Clones were screened by in vitro coupled transcription–translation followed by real-time PCR. The individual integrase clones coupled to attH were first amplified via PCR using primers pET-F2 and pET-RC and then purified using the DNA Clean & ConcentratorTM-5 Kit as per manufacturer’s instructions. Each 25 µl reaction comprised 20 ng of linear attH-integrase construct and 20 ng of linear attPH in the EcoProTM T7 System (Novagen). Reactions were incubated for 45 min at 37°C. Prior to real-time PCR analysis, all reactions were purified with the DNA Clean & ConcentratorTM-5 Kit and eluted in 12 µl water. Real-time PCR was performed with 200 nM each of primers Rec-SYBR-F2 and Rec-SYBR-R3 (to detect for attH × attPH recombination) and primers Rec-SYBR-HAT and Rec-SYBR-R3 (to detect for attB × attP recombination) using 3 µl of the eluate in a 20 µl final volume with the SYBR® GreenERTM qPCR Supermix for iCycler® (Invitrogen) on a Bio-Rad iCycler IQTM5. The cycling parameters were 95°C for 15 s followed by 60°C for 60 s (40 cycles). Reactions assaying for integration into endogenous attH in genomic DNA comprised 300 ng EcoRI-restricted human genomic DNA, 20 ng linear integrase construct and 10 ng linear attPH substrate in a 25 µl in vitro transcription–translation reaction. Reactions were incubated and processed as above. The primers used for real-time quantification were Rec-SYBR-F2 and SYBRgDNA-R.

Western blot analysis

Ten nanograms of linear substrate containing the parental or mutant integrase genes was combined with the Novagen EcoProTM T7 extract in a 20 µl reaction, and incubated for 30 min at 30°C. For western blot analysis, 3 µl of the above reactions was diluted 5× with water and subsequently size fractionated by sodium dodecyl sulfate polyacrylamide gel electrophoresis (SDS–PAGE) on 10% bis-Tris NuPAge gels in MOPS-SDS running buffer (Invitrogen) at 150 V for 90 min, and transferred to Hybond-P® PVDF membrane (GE Healthcare) in NuPage transfer buffer (Invitrogen) with 10% methanol at 40 V for 60 min at 4°C. The membrane was probed with rabbit polyclonal to the 6 × his tag (ab1187, Abcam). Antibody–protein complexes were identified by ECL-Plus (Amersham), detected on the Bio-Rad VersaDocTM Imaging System and quantified using Quantity One 4.6.5 software.
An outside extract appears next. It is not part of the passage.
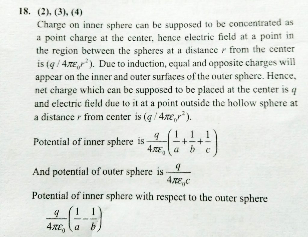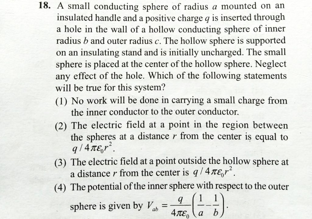 A small conducting sphere of radius a mounted on an insulated handle and a positive charge q is inserted through a hole in the wall of a hollow conducting sphere of inner radius b and outer radius c. The hollow sphere is supported on an insulating stand and is initially uncharged. The small sphere is placed at the center of the hollow sphere. Neglect any effect of the hole. Which of the following statements will be true for this system?

Protein expression and purification

Two-milliliter cultures of Escherichia coli BL21 (DE3) cells carrying the various pet22 integrase vectors were grown for 16 h at 37°C in Luria–Bertani (LB) broth supplemented with Ampicillin (100 µg/ml; Sigma). One-hundred milliters of fresh LB broth was then inoculated with 1 ml of these cultures and grown for 2–3 h to an A600 of ∼0.5. Integrase expression was induced with 0.1 mM IPTG (Invitrogen) for 3 h; cultures were shaken at 30°C during induction. The cells were pelleted, resuspended in binding buffer [10 mM Tris–HCl (pH 8), 150 mM NaCl, 10 mM imidazole and protease inhibitor cocktail tablet; complete mini EDTA free (Roche)] and lysed by sonication. Cell debris was removed by centrifugation at 13 000 r.p.m. for 45 min at 4°C. Cleared lysates containing the 6 × His-tagged integrase proteins were mixed with 1.5 ml of nickel-charged resin (Ni–NTA Agarose; QIAGEN) which had been pre-equilibrated in binding buffer. The beads were subsequently rotated with the protein extracts for 3 h at 4°C. The Ni–NTA resins were then washed six times with chilled wash buffer (PBS + 80 mM imidazole). Two sequential elution steps were performed, each with 120 µl of elution buffer [250 mM imidazole, 50 mM Tris–HCl (pH 8), 1 mM DTT, 150 mM NaCl and 10 mM EDTA]. The amount of protein released was determined using the Quick Start™ Bradford Reagent (Bio-Rad Laboratories) as per manufacturer’s instructions. The purity of all proteins was determined by Coomassie Blue staining of polyacrylamide gels (NuPAGE® Novex 4–12% Bis–Tris Gel; Invitrogen).

In vitro recombination assay for purified proteins

One microgram of purified recombinant integrase protein was incubated with 200 ng of linear attH substrate and 100 ng of linear attPH substrate for 30 min at 37°C in recombination buffer (100 mM Tris pH 7.5, 500 mM NaCl, 25 mM DTT, 10 mM EDTA, 5 mg/ml bovine serum albumin). The reaction volume was 25 µl. One microliter of this reaction was subsequently used for real-time PCR quantification of recombination efficiency as described above.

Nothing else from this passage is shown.